Bad news....
Hollings has been on this kick for a while. He's very eccentric, but I don't know how he winds up on this side of the issue - not a lot of media companies in South Carolina that I know of.
This looks like a classic shell game. Sure, the media types are worried about file transfers, but most consumers are more or less willing to pay for music if someone creates an economically appropriate model (broad range of choice, decent quality, individual file selection rather than aggregated packages, etc.). I like a free lunch too, but lets get realistic. Those days are going fast, amybe gone.
What's more interesting to them is this. By using the P2P issue as a wedge, they can radically restructure a company-user balance that (in their view) has been out of whack since Sony/Betamax. We talked about this in another forum - they're changing the basic license (that has always carried with it a fair use component) by eliminating portability and the right to manipulate your files for personal and entirely legal purposes. And when people complain about it, their rationale is they're combatting copyright violation.
So, when the technology develops to the point where it can limit reproduction, you will wind up with a tiered payment system. So much for a file that can be downloaded and played only in its original environment. Add another x$ for the right to make up to y copies, Add another x$ for the right to make from y 1 to z copies. And so on.
These guys aren't as stupid as we'd like to believe. To repeat prior rants, they understand at long last that this is a new product and a new technology that will allow them to alter the existing paradigm, if they're clever in how they use traditional copyright issuues to mask what they're really up to.

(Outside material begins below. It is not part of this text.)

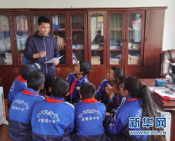 陳洪順向西藏自治區(qū)昌都市貢覺縣中學(xué)的學(xué)生們講授經(jīng)典誦讀技巧(2020年6月22日攝)。新華社發(fā)

My niece is heavily involved in the efforts of the Electronic Frontier Foundation to combat these abuses. These are her views in part:
"I'm hoping we'll see an expansion of the copyright misuse doctrine soon -
whether in Napster, the hardware/media licensing schemes for DVD, or
leverage copyright holders have been trying to extract from their
monopolies in other areas, even with the overbroad cease and desists they
send."
The EFF can be a significant force in combatting these schemes - probably mroe effective than writing a congressman/woman, who checks the contribution list anad throws the letter in the circular file. Check out
www.eff.org.
Thanks for putting up with this. Whenever I think about the Brave New World these rascals are creating for us, it gets my weather up. Nothing a couple of good Scotch Ales won't cure.